# ARB Bearings



## Life Aquatic (Oct 24, 2006)

I'm full of questions tonight, but I promise to stop with my third one so I'm not hogging it up.

Here it is: Are the ARB ABEC-5 bearings any faster than the shielded stainless versions?

I've tested ABEC-7 in both shielded stainless and ceramic. Both are noticably quieter possibly due to the higher tolerance and add distance to my cast. I'm thinking about trying the Shimano ARB type when replacing the bearings in an older green Curado. Academy has them for about $27 a pair, which is higher $$$ than I can get the ABEC-7 regular stainless. The anti-rust is a plus but I don't know if the ARB coating will slow them down any.


----------



## Muddskipper (Dec 29, 2004)

IMO they are a little louder, but are verydurable.

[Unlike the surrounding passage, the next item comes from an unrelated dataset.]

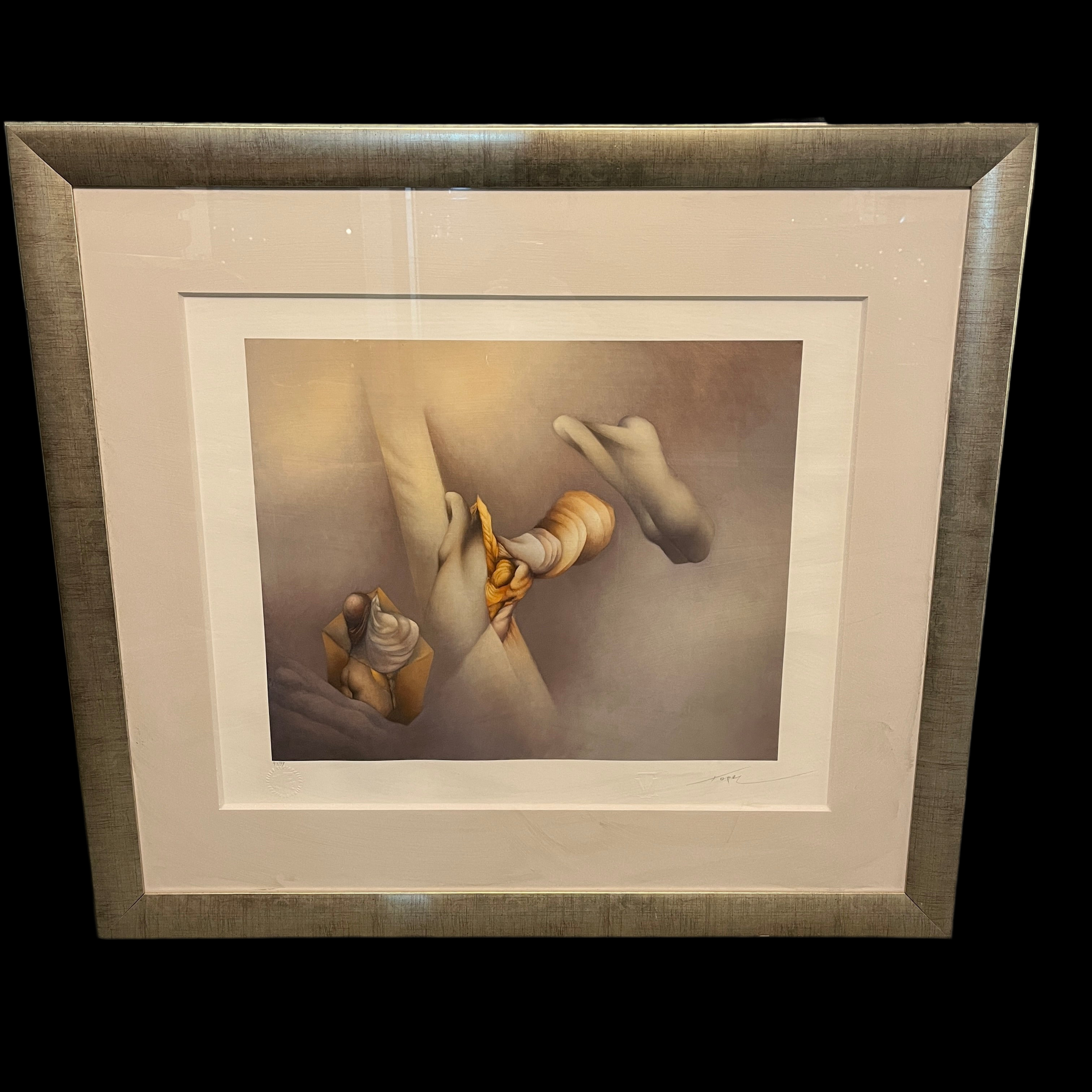 Grabado digital en técnica Giclée sobre papel de algodón, del reconocido artista nacional Mario Toral titulada ‘En el Espacio’. Firmada a mano y numerado. Ejemplar 94/99. La obra, con las reconocibles temáticas y formas del artista, muestra abstracciones de la figura humana entremezcladas con elementos geométricos, de color amarillo y dorado, suspendidos en un espacio gris. La obra tiene un marco de madera de color plateado.

The nice thing is, they are un-sheilded, so trash (ie: Sand & Grit) does not get caught inside them, hence slowing them down.

I like to oil mine on almost every trip since there is no way of oil being held in them.

My favorite place for the ARB is on the older GREEN curado's and silver chronarchs, is on the spool shaft. This is not the same size as the ones you buy at Academy.

Order them direct from Shimano, stick them on, and they are good to go.


----------



## Bantam1 (Jun 26, 2007)

The ABEC 5 bearings are much faster than the standard stainless bearings we use. They are also oil filled vs. light grease filled. 


The ARB has proven itself to work well in the salt environment. It is easy to clean and relubricate. We also offer a sheilded version that we are using in the CORE and the Calais DC. These freespool very, very well.


----------



## Life Aquatic (Oct 24, 2006)

*Thanks*

Had I known you were going to launch the product announcement today I would have waited sending some questions to give you a breather. And you still answered every one. Impressive - to your product knowledge and responsiveness.


----------



## Bantam1 (Jun 26, 2007)

Yesterday was a long and gruling day for me... I still had to answer emails, PM's from this board and 4 others plus posting the product info all the other 4 boards. 

I went home and had a beer for once and everything was much better


----------



## wolverine (May 29, 2004)

Dan- what does the ABEC 5 bearing cost from Shimano?


----------



## Bantam1 (Jun 26, 2007)

$15 each


----------



## wolverine (May 29, 2004)

Also someone mentioned Academy selling them for $27 a pair, which two do you replace? The sideplate bearing and then then the cast control know bearing?
I thought the spool bearing(one w/pin) had the most to do w/casting distance, i could be wrong though...


----------



## Bantam1 (Jun 26, 2007)

They might sell the kit still with the pair of bearings. I wasn't aware that we still offered this kit. 


We do not offer an ABEC 5 spool shaft bearing. The ones that really matter are the 2 on the ends. The one on the spool shaft provides more support than anything. This one is oil filled from the factory. It would be an ABEC 3 if the bearing were rated.


----------